OVB is stuck on providing nodes

Bug #1866204 reported by Sagi (Sergey) Shnaidman
8
This bug affects 1 person
Affects Status Importance Assigned to Milestone
tripleo
Fix Released
Critical
Steve Baker

Bug Description

While running OVB registering and providing nodes, the jobs is stuck. Seems like nodes cleaning is enabled by default and it doesn't work perfectly.
In addition to nodes clean disble, we need to ensure the jobs is not stuck but fails with an appropriate message.

images script log:
https://logserver.rdoproject.org/36/711436/1/openstack-check/tripleo-ci-centos-7-ovb-3ctlr_1comp-featureset001/aeae9c5/logs/undercloud/home/zuul/overcloud_prep_images.log.txt.gz

logs:
https://logserver.rdoproject.org/36/711436/1/openstack-check/tripleo-ci-centos-7-ovb-3ctlr_1comp-featureset001/aeae9c5/

1 node is in clean_failed:
https://logserver.rdoproject.org/36/711436/1/openstack-check/tripleo-ci-centos-7-ovb-3ctlr_1comp-featureset001/aeae9c5/logs/undercloud/var/log/extra/baremetal_list.txt.gz

Revision history for this message
wes hayutin (weshayutin) wrote :
tags: added: promotion-blocker
Revision history for this message
Luke Short (ekultails) wrote :

Regarding the CentOS 8 job, it cannot find yum. By default, there *should* be a symlink from yum to dnf. I don't know why it would be missing.

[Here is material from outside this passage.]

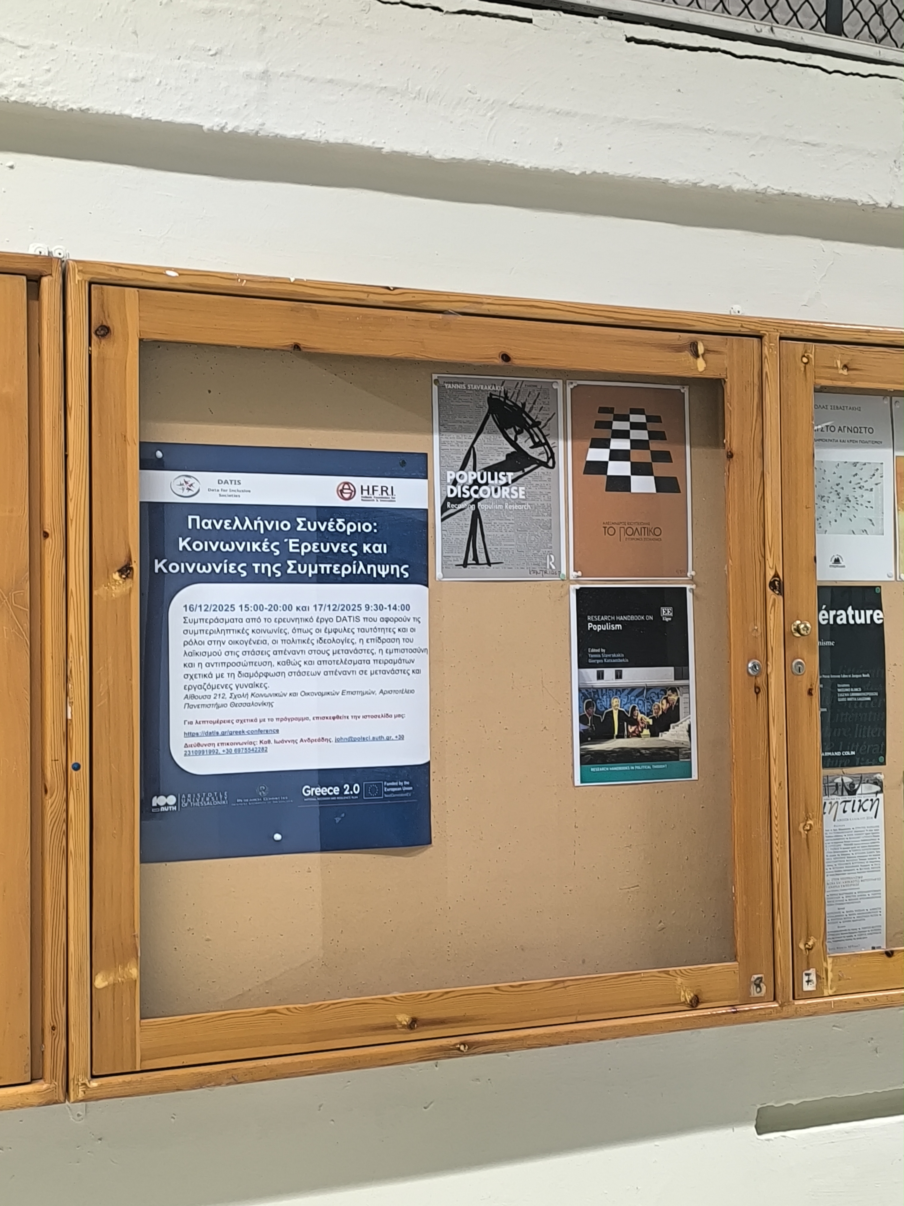 Στιγμιότυπα από το Πανελλήνιο Συνέδριο «Κοινωνικές Έρευνες και Κοινωνίες της Συμπερίληψης», που διοργανώθηκε με επιτυχία στο Αριστοτέλειο Πανεπιστήμιο Θεσσαλονίκης στα πλαίσια του ερευνητικού έργου DATIS. Ευχαριστούμε θερμά όλους τους ομιλητές και τους συμμετέχοντες για τον γόνιμο επιστημονικό διάλογο και τη συμβολή τους στην ανάδειξη κρίσιμων ζητημάτων κοινωνικής συμπερίληψης.

2020-03-05 13:59:52 | + sudo yum -y install python-tripleoclient
2020-03-05 13:59:52 | sudo: yum: command not found

https://logserver.rdoproject.org/32/25332/38/check/periodic-tripleo-ci-centos-8-ovb-3ctlr_1comp-featureset001-master/e5d131c/logs/undercloud/home/zuul/overcloud_image_build.log.txt.gz

Revision history for this message
Luke Short (ekultails) wrote :

Sagi mentioned that OVB on CentOS 8 is being tested in this review: https://review.rdoproject.org/r/#/c/25666/

Revision history for this message
Luke Short (ekultails) wrote :
Revision history for this message
Luke Short (ekultails) wrote :

The last Ansible task to run is restarting the network service on all of the nodes and that fails: http://paste.openstack.org/show/790351/

Revision history for this message
Sagi (Sergey) Shnaidman (sshnaidm) wrote :

@Luke this is a different bug, here is the problem with cleaning and providing OVB nodes.

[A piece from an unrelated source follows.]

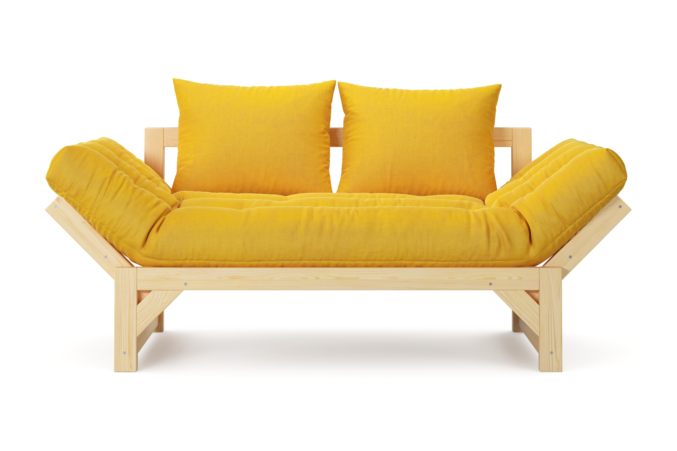 Максимальная нагрузка — 220 кг. Ширина деревянной спинки 130 см. Приспинные подушки, представленные на фото, входят в комплект. Декоративные приобретаются отдельно. Диван продается без лакокрасочного покрытия, под самостоятельную покраску. Высота сиденья без матраса - 31 см, с матрасом 46 см.

Revision history for this message
Luke Short (ekultails) wrote :
Revision history for this message
Luke Short (ekultails) wrote :

For clarification, we have been looking into a number of different problems in this bug.

Issues:

1. OVB node cleaning failed
2. yum command not available
3. network service cannot be restarted (NIC configuration issue?)

Status:

1 = I will keep this bug (#1866204) focused on this.
2 = This is a temporary issue with a work-in-progress patch that is not currently a bug: https://review.rdoproject.org/r/#/c/25666/
3 = This is being worked on in via: https://bugs.launchpad.net/tripleo/+bug/1866202

Revision history for this message
Luke Short (ekultails) wrote :

Ironic is failing to configure the Neutron ports.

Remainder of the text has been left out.